In general, the court does not look at the “real facts” (because it can’t), instead it only looks at the evidence before it. And the level of evidence required to freeze someone’s house is very high. As confirmed in O2 Electronics Inc. v. Sualim, 2014, where it held that the plaintiff must show a strong prima facie case and a serious risk that the defendant will remove or dissipate assets before judgment. The court will only grant the order if it is satisfied the defendant’s real purpose is to avoid paying the judgment.

A Twist:
However (a big “however”), at the end of the day, if the defendant has clearly done wrong and the judge feels sympathy for the plaintiff, the court can still grant the non-dissipation order based on equity principles, even if the five tests are not perfectly met.

A Twist to Twist:
Okay now, there is a practical question every plaintiff should ask: is it really worth the lawyer fees to bring this motion? The only good reason to seek a freeze is the genuine fear of “winning too late.” This means the plaintiff should never use a Mareva motion out of anger or to punish the defendant. Here are three obvious reasons why:

  1. In most lawsuits, the plaintiff believes they are right and wants to finish the case quickly without distractions. Bringing an unnecessary non-dissipation motion only helps the defendant, as it creates side issues, wastes time, and pulls everyone off the main track.
  2. These urgent motions cost legal fees. Before rushing in, the plaintiff should pause and ask himself yourself honestly: is the defendant truly about to sell the house and flee? Are the legal fees truly worth it?
  3. Never forget the fifth test above, which is the undertaking as to damages. Imagine this:
    • The housing market is falling
    • the plaintiff wins the non-dissipation motion hearing and freezes the house
    • The defendant cannot sell his $3 million house until years later, when it finally sells for only $2 million
    • The court later decides the order was unnecessary
    • The defendant can then come after the plaintiff for the $1 million loss.

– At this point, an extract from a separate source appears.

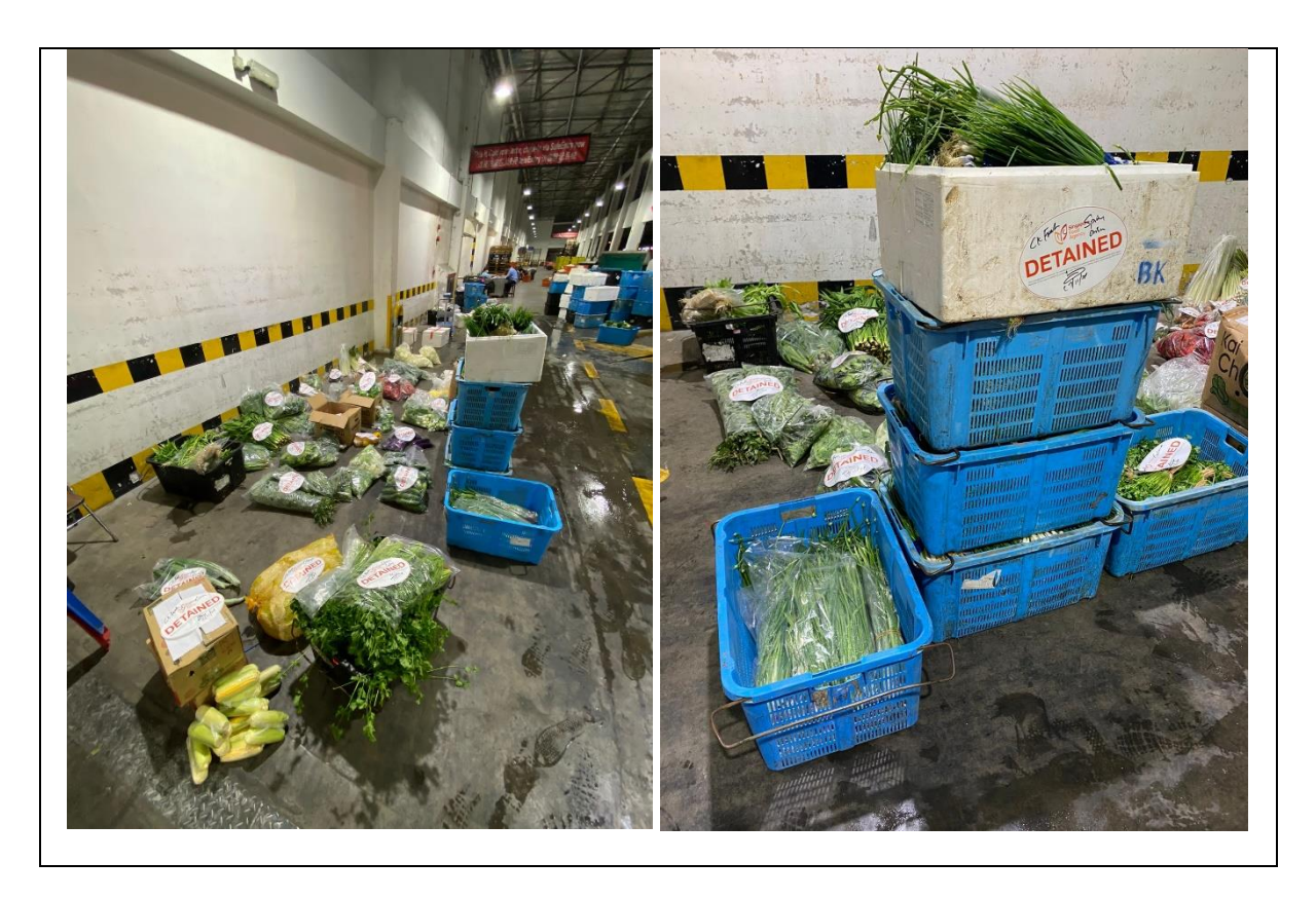
A total of about 378kg of undeclared fresh fruits and vegetables were detected and seized.

In short, these are the real twists that every Ontario litigant needs to understand before fighting a Mareva motion. Of course, if the defendant is truly about to flee, a Mareva motion is the plaintiff’s best, and probably only realistic option. In that situation, the plaintiff should not hesitate or be overly concerned about legal fees, the plaintiff should tell his lawyer immediately to file an urgent motion request, get the hearing scheduled as quickly as possible, and freeze the defendant’s assets before it is too late.